Figure 2: Overview of changes following the Rogers–Shaw–Videotron transactions, Canada, April 2023

Topic Rogers Videotron
Transaction It bought Shaw’s fixed division for USD15 billion It bought Freedom Mobile, Shaw’s main mobile brand, for USD2.1 billion
Fixed network coverage Coverage expanded from eastern Canada to western Canada Coverage remains limited to Quebec
Mobile network coverage
  • All population
  • No changes after the transaction
  • Coverage expanded from Quebec to Alberta, British Columbia and Ontario (using Shaw’s mobile infrastructure)
  • Required by the government to launch services in Manitoba (as an MVNO or via other similar agreements)
Market share of connections
  • Fixed broadband: ~28.0% (4.7 million customers)
  • Mobile: ~31% (11.8 million customers)
  • Fixed broadband: 11.5% (1.9 million customers)
  • Mobile: ~9% (3.5 million customers)

Source: Analysys Mason

These two transactions could unlock the growth of FMC

Videotron will use a competitive pricing strategy to gain mobile market share in the new areas. It has agreed with the government that it will soon increase by 10% the data allowance included in the mobile plans of existing Freedom Mobile customers and that it will introduce mobile tariffs that are at least 20% cheaper than the tariffs offered by the major operators.

Videotron can also introduce FMC bundles, even though it does not have a fixed network outside Quebec.2 In early April 2023 it stated that it will launch “attractive multi-service bundles including not only wireless, but also Internet and television services, within the next few months”. 

Videotron will probably launch fixed broadband and FMC services by buying wholesale services. Many standalone or predominantly mobile operators worldwide have built a large FMC customer base in recent years, reselling FTTP services over third-party networks. Videotron can pursue a similar strategy, benefiting from improved regulation on wholesale services. In March 2023, the government reduced by 10% some fixed wholesale fees. It also plans to open up the FTTP network of the major operators in all regions of Canada.3

Rogers has scope to quickly consolidate its and Shaw’s customer bases using FMC, before Videotron launches the new tariffs outside Quebec. Rogers has historically been cautious about promoting FMC bundles; it offered such services for a limited time in 2022. In 4Q 2022, it stated that “we will continue to capitalize on that [bundling] […] at the right time”. Now that it has nationwide mobile and fixed broadband network coverage, it can build bundles with well-integrated mobile and fixed services (rather than offering simple cross-selling options as the other operators do).
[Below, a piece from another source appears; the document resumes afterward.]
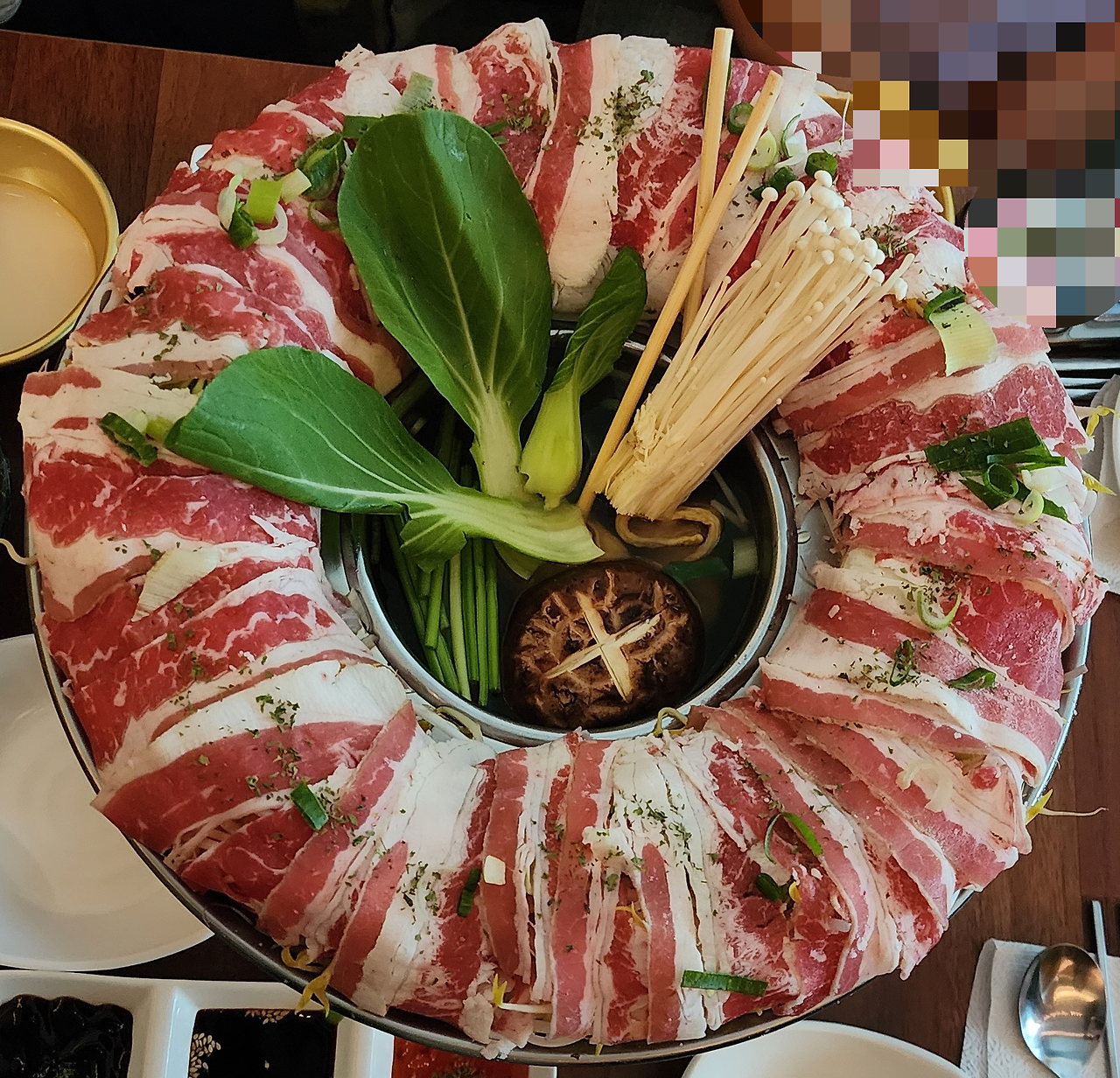 - 얇게 썬 소고기와 숙주, 배추, 버섯, 쪽파 등 신선한 재료들이 듬뿍 들어가 있습니다.

Videotron’s expansion outside Quebec represents a threat on a regional basis to Bell, Rogers and Telus. These operators need to monitor Videotron’s strategy and changes to FTTP wholesale regulation, to be ready to adapt their operating strategies. They can make greater use of FMC bundles to consolidate their customer bases, ahead of Videotron’s expansion in new areas. If they wait for too long, they might have to pursue a similar FMC strategy later, but will have to offer significantly larger discounts.

1 Its share of fixed broadband connections was at 11.5% from 2019 to 2022 and its share of mobile connections increased by only 0.5 percentage points to 4.4% in the same period. For more information, see Analysys Mason’s Americas programme and Analysys Mason’s DataHub.

2 It bought VMedia in 2022, a small internet service provider with around 50 000 customers. VMedia provides fixed services in Alberta, British Columbia, Ontario and Quebec, mainly thanks to wholesale agreements. It has also a small proprietary fixed network.

3 The government plans to force all fixed operators to provide their competitors with wholesale access to their FTTN and FTTP networks in all regions of Canada. As of 1Q 2023, Ontario and Quebec were the only regions where there was open-access regulation on FTTP services.